MINNEAPOLIS (AP) — Federal and state leaders highlighted the Upper St. Anthony Falls Lock and Dam in downtown Minneapolis on Monday as a crucial barrier for stopping the advance of Asian carp up the Mississippi River.
Sen. Amy Klobuchar and Rep. Erik Paulsen visited the site Monday to tout legislation to make it easier to close the lock and dam. They spoke to reporters at a University of Minnesota laboratory just across the river from the lock where researchers are studying bubble barriers and other potential ways to stop the invasive carp.
“There’s really no other fish that’s capable of wreaking the kind of damage to our lakes and streams that these Asian carp present,” said Dave Schad, deputy commissioner of the Minnesota Department of Natural Resources.
Asian carp are voracious feeders that outcompete native fish species for plankton, which is eaten by small fish at the bottom of the food chain that sustain game fish such as walleyes, northern pike and bass. One species, silver carp, can jump as high as 10 feet into the air, sometimes injuring boaters. They and a larger species, bighead carp, have become well established farther south in the Mississippi and Illinois rivers since escaping from southern fish farms, probably around the late 1970s. One of the three Asian carp caught in the Mississippi near Winona on March 1 was yet another unwelcome species, the grass carp.
The economic stakes are high, Klobuchar and other officials said. Tourism is an $11 billion industry in Minnesota and much of it is dependent on the state’s lakes and streams and the sport fishing they support, they said. Klobuchar noted Asian carp now make up 90 percent of the total weight of all fish in the Illinois River.
Closing the Upper St. Anthony Falls Lock and Dam requires congressional approval because the U.S. Army Corps of Engineers is mandated by federal law to keep it open to let barge and other boat traffic pass.
The legislation — introduced last week by Klobuchar, Paulsen, Sen.
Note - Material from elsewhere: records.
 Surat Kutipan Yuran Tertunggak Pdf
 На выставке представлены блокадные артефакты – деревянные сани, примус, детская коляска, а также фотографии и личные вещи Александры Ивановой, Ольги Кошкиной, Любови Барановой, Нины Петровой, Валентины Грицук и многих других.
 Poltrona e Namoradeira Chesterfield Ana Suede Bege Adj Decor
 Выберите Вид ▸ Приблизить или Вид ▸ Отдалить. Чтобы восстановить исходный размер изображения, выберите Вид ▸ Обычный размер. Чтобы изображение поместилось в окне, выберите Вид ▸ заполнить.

Al Franken, and Reps. Keith Ellison and Tim Walz — would “kick start the process,” she said. Gov. Mark Dayton and the DNR support the proposal. The idea of closing the lock has been around awhile but Paulsen said developing the plan required a coordinated effort by state and federal officials that took time.
“Closing a lock is not a little thing,” Klobuchar said.
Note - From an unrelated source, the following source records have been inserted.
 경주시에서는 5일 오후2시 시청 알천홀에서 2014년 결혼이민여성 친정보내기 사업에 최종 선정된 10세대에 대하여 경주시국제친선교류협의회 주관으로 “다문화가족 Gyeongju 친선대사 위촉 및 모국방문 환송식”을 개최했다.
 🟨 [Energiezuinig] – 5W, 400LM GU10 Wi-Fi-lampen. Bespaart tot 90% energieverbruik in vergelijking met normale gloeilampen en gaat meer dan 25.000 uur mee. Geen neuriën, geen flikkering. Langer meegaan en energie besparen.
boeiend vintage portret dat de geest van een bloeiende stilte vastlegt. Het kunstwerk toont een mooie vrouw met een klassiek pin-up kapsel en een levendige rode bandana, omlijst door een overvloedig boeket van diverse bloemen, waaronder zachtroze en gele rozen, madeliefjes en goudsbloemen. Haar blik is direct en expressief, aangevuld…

A scrap metal yard and a gravel operation in Minneapolis are the primary commercial users of the upper lock, but it also carries some recreational boat traffic. Klobuchar said those businesses somehow managed to get by using trucks instead of barges when the lock was closed for several months after the collapse of the nearby Interstate 35W bridge in 2007.
One key feature of their bill is a pair of triggers that would require the corps to impose an immediate emergency closure at St. Anthony Falls, Klobuchar said. They would kick in if adult Asian carp were caught above Lock and Dam No. 2 downstream in Hastings or if juvenile Asian carp were caught above Lock and Dam No. 4 farther downstream at Alma, Wis. The bill would also require the corps to conduct feasibility studies, due six months and 12 months after its passage, on closing the Upper St. Anthony Falls Lock and Dam. Other possible solutions may placing be electrical barriers, like those being used in a canal in Chicago to try to keep Asian carp out of the Great Lakes, or bubble barriers in the locks.
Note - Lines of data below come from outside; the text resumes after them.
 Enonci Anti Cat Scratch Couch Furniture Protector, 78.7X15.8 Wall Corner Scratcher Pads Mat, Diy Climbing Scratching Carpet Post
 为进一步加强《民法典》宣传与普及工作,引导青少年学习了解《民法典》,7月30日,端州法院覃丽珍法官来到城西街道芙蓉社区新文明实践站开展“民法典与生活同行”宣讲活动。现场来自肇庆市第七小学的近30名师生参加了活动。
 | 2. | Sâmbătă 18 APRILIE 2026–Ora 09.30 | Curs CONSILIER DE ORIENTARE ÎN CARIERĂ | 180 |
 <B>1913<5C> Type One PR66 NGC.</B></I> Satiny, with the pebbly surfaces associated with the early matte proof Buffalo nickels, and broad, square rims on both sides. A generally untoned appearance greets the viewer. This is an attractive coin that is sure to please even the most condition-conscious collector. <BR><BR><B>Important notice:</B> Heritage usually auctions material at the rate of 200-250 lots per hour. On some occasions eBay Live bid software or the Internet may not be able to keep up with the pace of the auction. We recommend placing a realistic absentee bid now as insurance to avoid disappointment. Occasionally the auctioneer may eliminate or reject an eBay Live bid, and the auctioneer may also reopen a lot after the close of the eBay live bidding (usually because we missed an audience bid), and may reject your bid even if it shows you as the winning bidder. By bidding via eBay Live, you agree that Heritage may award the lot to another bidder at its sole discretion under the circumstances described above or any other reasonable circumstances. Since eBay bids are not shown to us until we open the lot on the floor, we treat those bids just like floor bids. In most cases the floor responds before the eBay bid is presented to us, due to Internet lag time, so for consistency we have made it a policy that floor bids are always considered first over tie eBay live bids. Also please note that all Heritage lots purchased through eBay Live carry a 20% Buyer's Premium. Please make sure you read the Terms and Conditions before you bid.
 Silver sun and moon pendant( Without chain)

DNR officials said it might not take long for fresh catches to trip the bill’s triggers. DNA evidence of Asian carp but no live specimen was found upstream from Minneapolis last year, above the Coon Rapids Dam. There have been a couple catches over the years of live Asian carp in the St. Croix River, which flows into the Mississippi just below Hastings. The fight took on renewed urgency at the start of this month when the three adult Asian carp were netted near Winona, below Alma.
Klobuchar said the next step will be to get a hearing scheduled. She said she’s already spoken about that with Sen. Barbara Boxer, chairman of the Senate Environment and Public Works Committee.
Schad acknowledged it’s “a million dollar question” whether their efforts are already too late to keep the invaders from eventually infiltrating up the Mississippi to important recreational waters such as Mille Lacs Lake. He said the DNR is hoping the numbers of any Asian carp upstream can be kept low enough to prevent them from establishing a breeding population before they die off naturally.
Dayton’s supplementary budget proposal announced Monday includes $8 million through June 2013 for the control of aquatic invasive species including Asian carp.